Raleigh Ritchie is a bit of a perfectionist. “I don’t know where it comes from,” the British musician and actor—real name Jacob Anderson—tells me. “And that’s what I’m trying to work out at the moment.”

Ritchie is mostly known for playing Grey Worm on Games of Thrones, one of the biggest television shows of all time (the final episode of Season 7 racked up 12.1 million viewers when broadcast in 2017, and the series finale this year is only likely to build on that). But outside of his acting work, Anderson goes by Raleigh Ritchie, the alias under which he’s creating what he calls “confessional pop” music.

Currently, Ritchie’s Instagram bio reads, “PhD in sadboi;” a succinct summary of his obsession with heartache. He’s approachable yet sincere—keen to make you feel comfortable while getting his point across. Since releasing his debut album, You’re a Man Now, Boy, in 2016, Ritchie has been steadily honing his own cathartic form of RnB—marrying exceptionally produced beats with exposed lyrics to create heartfelt earworms. “I love finding the dark in lightness and the playfulness and comedy in darkness,” Ritchie explains. “I think the word is ‘dichotomy.’”

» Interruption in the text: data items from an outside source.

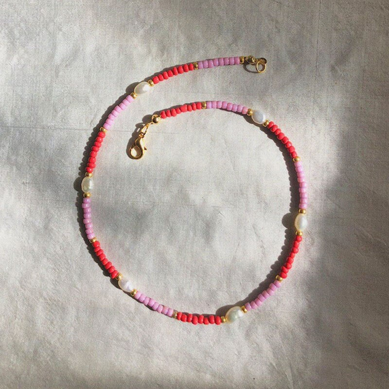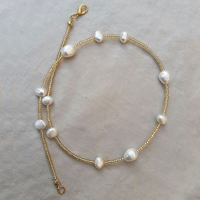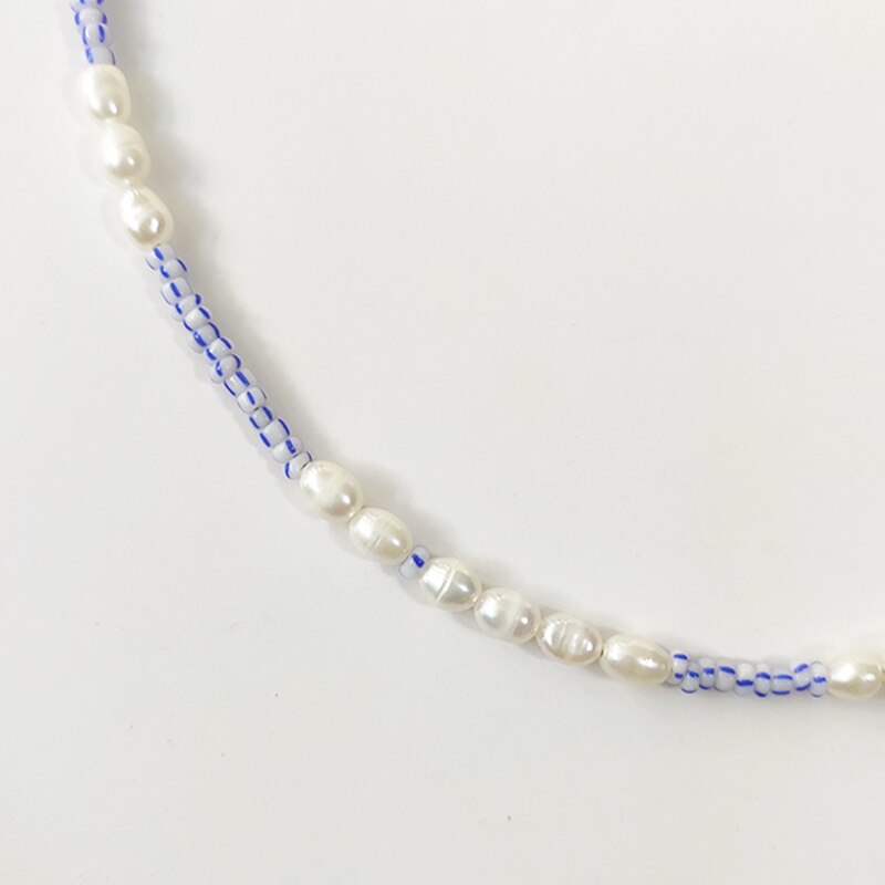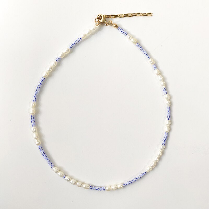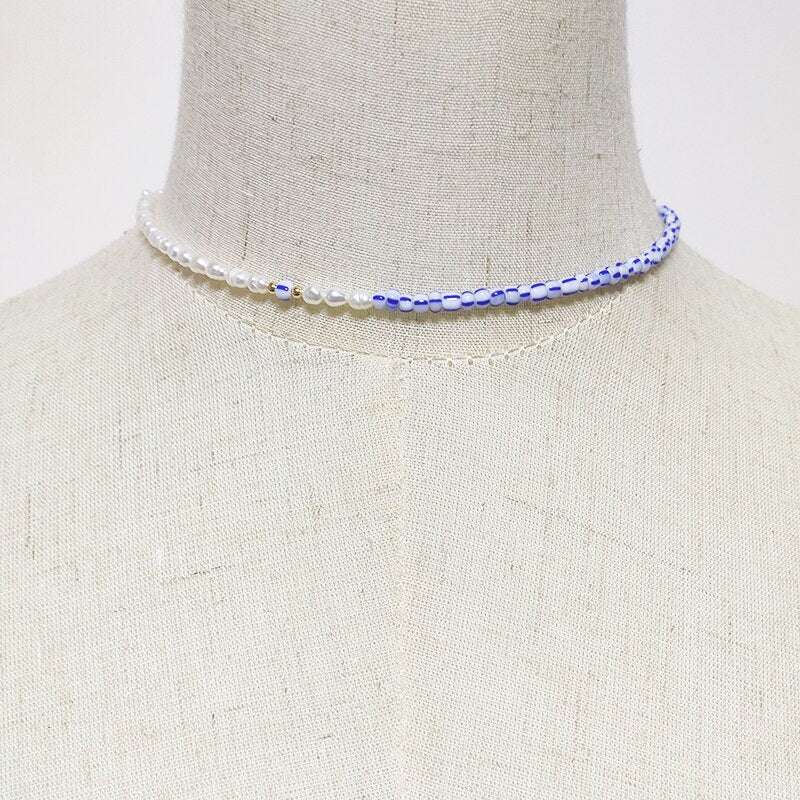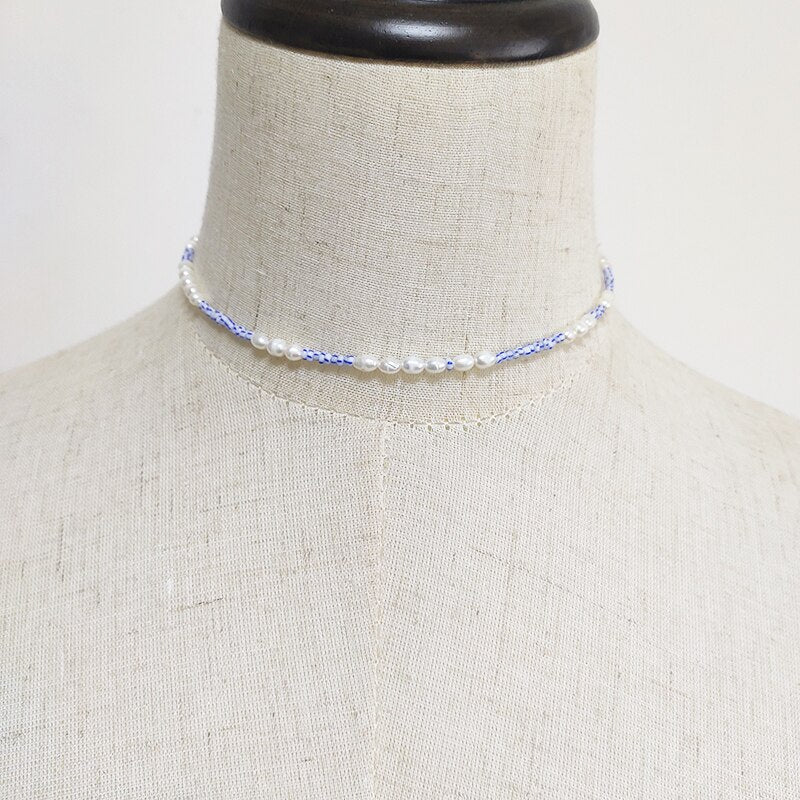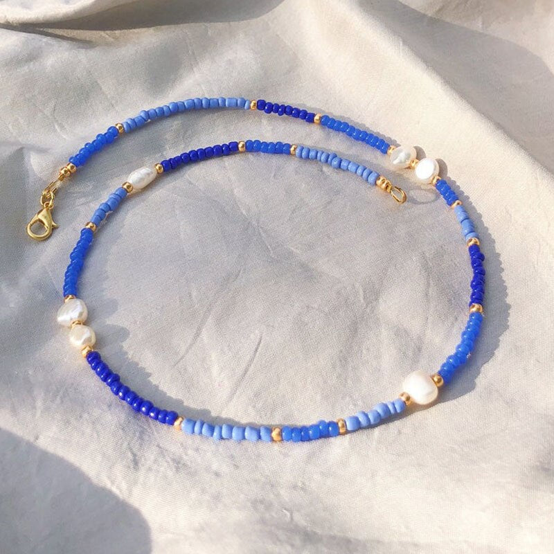 exquisite blue bead short necklace natural freshwater pearls mix and match boho style jewelry handmade adjustable choker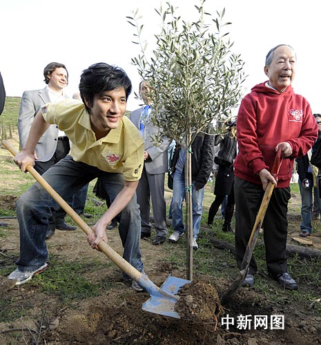 劉鴻亮王力宏等北京奧運會可口可樂火炬手在位于古奧林匹亞的顧拜旦紀念碑旁栽下一棵橄欖樹,向綠色奧運及環保事業致敬,并以此號召人們共同努力修復剛被大火肆虐的古奧林匹亞遺址。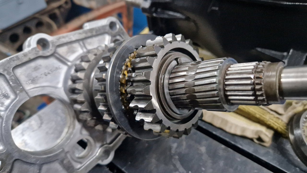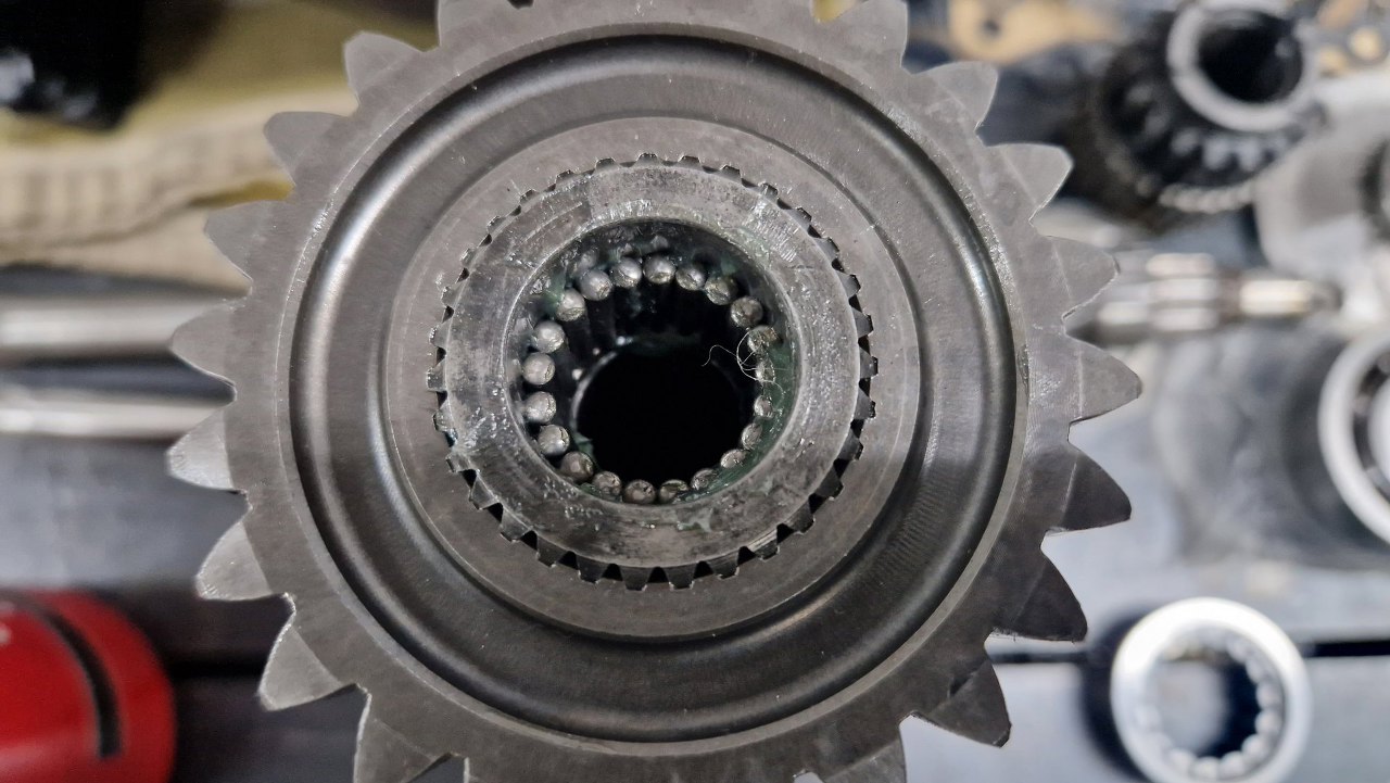 Pora na wałek wyjściowy. Składany jest podobnie, co standardowy, ale niektóre koła zębate nie ślizgają się bezpośrednio po wałku, a mają dodatkowe tuleje i łożyska igiełkowe - na przykład po lewej.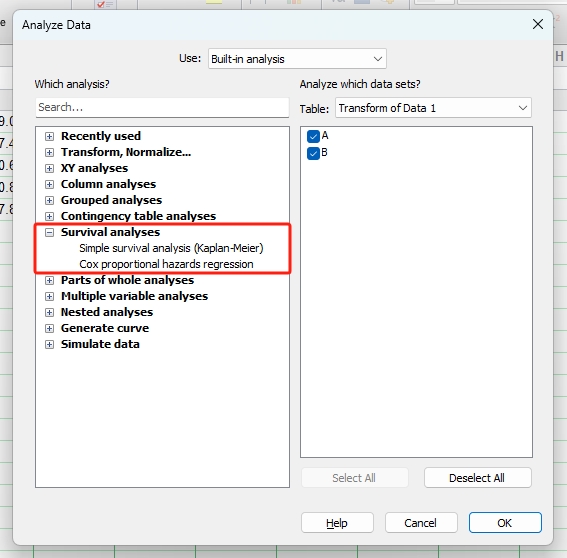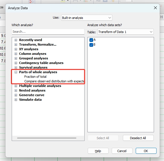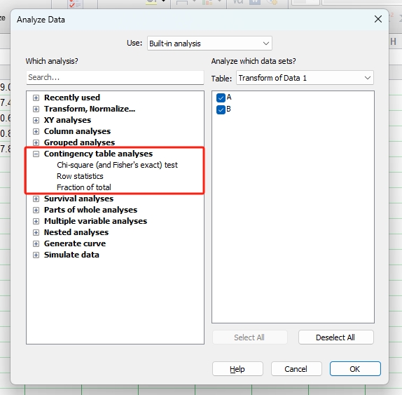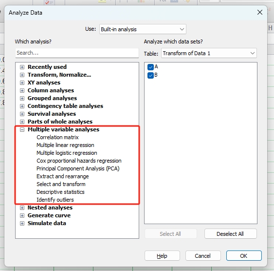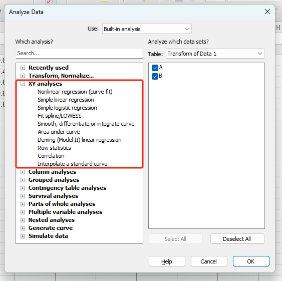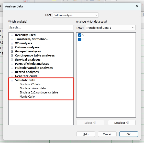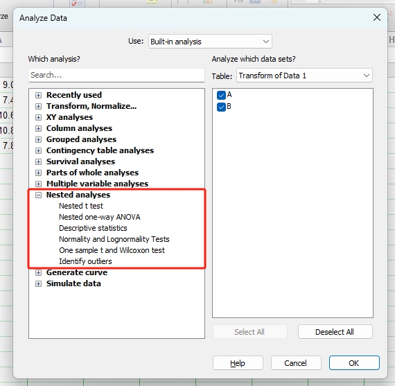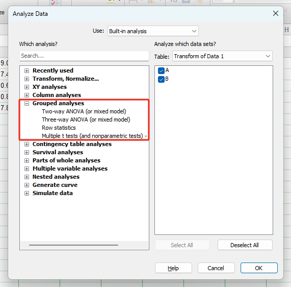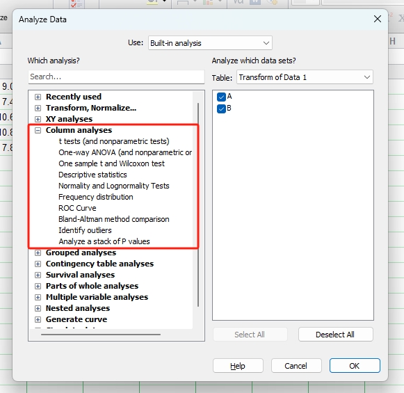 单击工具栏中的Analyze (分析)图标按钮(图1),即可进入Analyze Data (数据分析)窗口(图2)。左侧一栏为GraphPad软件内置的11类统计分析方法。11类统计分析方法中除了Transform, Normalize (转换,标准化)、Generate curve (生成曲线) 和Simulate data (模拟数据) 3类,其余8类统计分析方法与8种数据表相对应。此外,右侧一栏是要进行分析的数据集,勾选即可选中。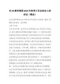 在XX教育集团2025年秋季工作总结会上的讲话(精品)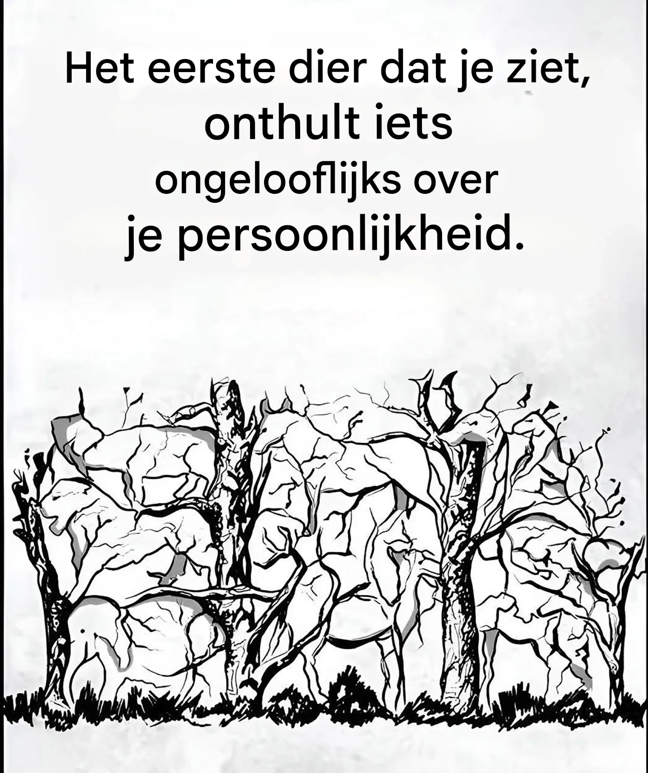 Wanneer we een rijk gedetailleerd beeld zien, selecteert ons brein onmiddellijk wat het meest resoneert met onze gemoedstoestand, onze waarden of ons wereldbeeld. Dit eerste dier dat we zien is geen vaststaand oordeel, maar eerder een symbolische spiegel die bepaalde dominante karaktertrekken weerspiegelt. Zie het als een speelse sleutel tot zelfinzicht, een uitnodiging om jezelf beter te leren kennen… zonder jezelf ooit te serieus te nemen.

Top and shoes by Margaret Howell. Jeans by Levi’s.

I ask him why we’re obsessed with finding new angles on old subjects. Is it because that might be one of the only ways left of producing original works? “Possibly, yeah,” he responds. “It makes sense the only way to really find something original is to find a different approach to the things that have been done a million times before.”

A lot has happened to Ritchie recently. At the end of last year, he married fellow actress Aisling Loftus, and as Game of Thrones is about to come to an end, he’s about to finish his second album. “I’ve just starting to come to a place when I’m really happy with what we’re doing,” Ritchie tells me.

You don’t need to know a lot of personal details about Ritchie’s life to see where his music comes from. In the track “Unicron Loev” (yes, that’s the right spelling) he gushes over the sense of comfort and wonder of being in a supportive relationship. “I’ll never be cynical / ‘Cause you wouldn’t have it / I believe in miracles, I believe in magic.”

But it doesn’t stop Ritchie worrying about what happens after he puts himself out there. “Yeah, I’m terrified of it,” he confesses. “You suddenly become self-conscious of expectations, and at the same time, you want to do something different, yet you don’t want to lose what makes you good.”

Sweater by Louis Vuitton. Ring model’s own.

Growing up in Bristol, in the southwest of England, Ritchie says the city’s stellar history of music and culture was both a blessing and a curse: “It’s a very energetic and creative place and I took some of that but I was also a little bit scared and vulnerable.” The area’s deep-rooted Sound System culture, which first emerged with immigration from the Caribbean in the 1960s, went on to birth Massive Attack and Portishead—what is now dubbed the Bristol Sound.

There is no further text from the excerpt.